I love her works, Spontaneous and intelligent abstraction, reminding me of Pollock and Sam Francis , but in her own style and highly original. The painting is not thought out but emerges from her hands when she paints.
Born in Vienna in 1940, Martha Jungwirth rose to distinction early in her artistic career: she received the Monsignor-Otto-Mauer Prize in 1961, followed by a volley of awards such as the Theodor Körner Prize (1964) and the Joan Miró Prize, Barcelona (1966). Jungwirth’s characteristic painting style is widely regarded as one of the most innovative of the 1980s Neue Wilde painters in Austria, oscillating between the gesturally abstract and formal composition.

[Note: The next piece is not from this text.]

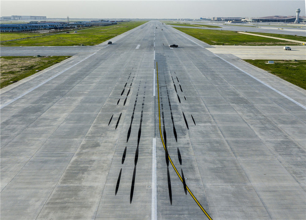 2019年5月29日,北京大興國際機(jī)場,飛機(jī)在跑道上留下的痕跡。馬文曉/視覺中國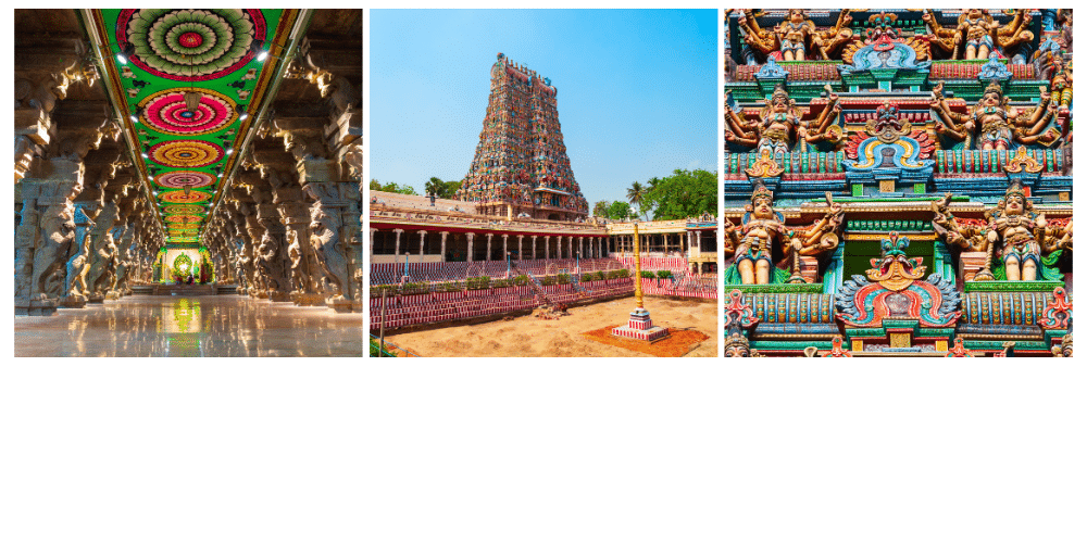 Construit au cours de plusieurs siècles par différentes dynasties (Chola, Pandya, et Vijayanagara), ce temple est un parfait exemple de l’architecture dravidienne. Les corridors sont bordés de sculptures complexes, illustrant des scènes de la mythologie hindoue et des épisodes de la vie de Vishnu. Un point fort de la visite est le hall des mille piliers, où chaque pilier est sculpté avec une attention minutieuse aux détails.

After completing her studies at the Academy of Applied Art Vienna in 1963, Jungwirth went on to become the only woman in the artists’ group Wirklichkeiten (Realities), among five male colleagues; it was brought together in 1968 by Otto Breicha, later director of Salzburg’s Rupertinum, as an improvised group for an exhibition at the Vienna Secession. Jungwirth was identified in a review by art historian and museum director Alfred Schmeller with this: “The first crocodile is a female crocodile.” Jungwirth would marry Schmeller a year later, and this union has long been perceived by many as one that made the art world hesitant to embrace Jungwirth.
Despite this hesitation, Jungwirth pursued her practice with a fervor, working with an intuitive and explosive spontaneity. With a deliberative understanding of aesthetic principles, she creates subtle color symphonies with dabs and washes of paint. Receding and advancing, this layering of oil paints and watercolors on packing paper and cardboard, which embodies her dynamic working

style with a fragility made visible by delicate marks and occasional drips.